Prodotto come i precedenti Mia
madre (2015) e Habemus Papam (2011) da Domenico Procacci per Fandango,
Tre piani – o quel che sarà: un titolo alternativo potrebbe essere La
mia strada – è in fase di preparazione avanzata: dalla ricerca della
location al casting, per cui il cinema Nuovo Sacher di Moretti aprirà il
13 e 27 ottobre alla selezione di bambine dai 5 ai 13 anni e di ragazze
dai 16 ai 18 anni.
Nulla più trapela, ma se la scelta di adattare
un testo altrui è ipso facto sorprendente, l’evoluzione artistica di
Nanni, che il 19 agosto scorso ha festeggiato 65 anni, appare del tutto
coerente. Nel 2006 s’è dedicato all’anamnesi politica del Paese con Il
Caimano, cinque anni più tardi con Habemus Papam ha saputo preconizzare
nell’abbandono di Michel Piccoli le dimissioni di Benedetto XVI: un
uno-due di ampio respiro, prospettiva globale, valore non negoziabile.

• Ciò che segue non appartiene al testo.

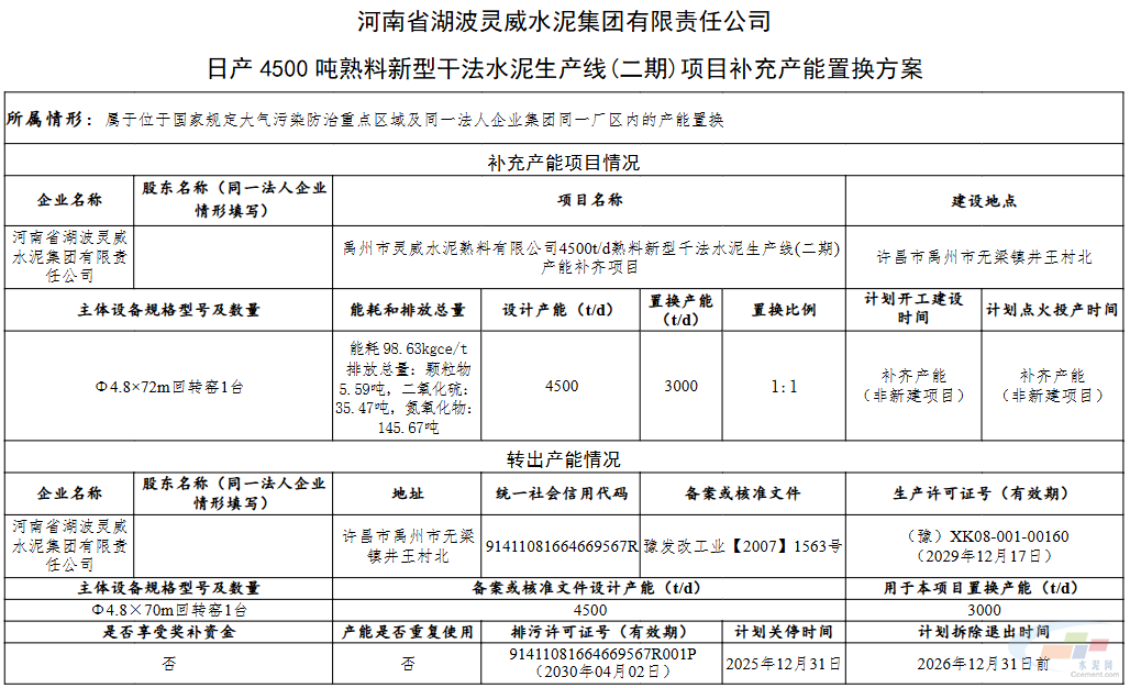 近日,河南省许昌市工信局发布“河南省湖波灵威水泥集团有限责任公司日产4500吨熟料新型干法水泥生产线(二期)项目补充产能置换方案、河南省湖波灵威水泥集团有限责任公司日产4500吨新型干法水泥熟料生产线(一期)产能置换方案的公示”。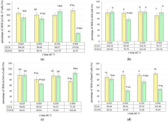 Induction of free radicals (ROS) on cell lines: (a) CAL 27; (b) AGS; (c) Caco-2; and (d) HepG2 after 2 and 24 h of treatment with Mountain Germander extract concentrations (0.025–0.500 mg mL−1). One-way analysis of variance was carried out between the tested concentrations with Tukey’s post hoc test. The values marked with the sign # are statistically significantly (p < 0.05) different in regard to the treatment time for each extract concentration, and were obtained by performing the Mann–Whitney test (p < 0.05). * = statistically significantly different (p < 0.05) compared to negative control (water); a = statistically significantly different (p < 0.05) compared to 0.025 mg mL−1; b = statistically significantly different (p < 0.05) compared to 0.050 mg mL−1; c = statistically significantly different (p < 0.05) compared to 0.150 mg mL−1; d = statistically significantly different (p < 0.05) compared to 0.500 mg mL−1.

Dopodiché ha sterzato nell’intimità familiare di Mia madre,
interpellando un’autobiografia immaginaria, senza reflussi nel
personalismo. Come farvi seguito, come sintetizzare pubblico e privato,
grande e piccolo se non ripartendo ex novo, accogliendo l’altro, leggi
una voce e una creatività differente, nel proprio cinema, correndo
perfino il rischio di fletterne l’autorialità?
Non può stupire,
assecondando questo desiderio di novità, che Moretti sia pronto a
portare in sala il 6 dicembre con Academy Two, e prima a chiudere il
36esimo Torino Film Festival, il quarto documentario della sua
filmografia: dopo Come parli frate? (1974), La cosa (1990) e Il diario
del caimano (2006), ecco Santiago, Italia. Targato Sacher Film, Le
Pacte, Storyboard Media e Rai Cinema, attraverso talking heads e
materiali d’archivio torna a ridosso del colpo di Stato dell’11
settembre 1973 in Cile che terminò il governo di Salvador Allende e
inquadra il ruolo dell’ambasciata italiana a Santiago, che diede rifugio
e quindi salvezza a centinaia di oppositori del regime di Pinochet.
L’Italia
in Cile e Tel Aviv a Roma, un import-export in cui Moretti sperimenta
un cosmopolitismo arioso e inaugura una dimensione da regista mai
praticata: orfano del soggettista che è stato, affrancato dal demiurgo
che s’è voluto e, vedremo se e in quale misura, in cerca di autore.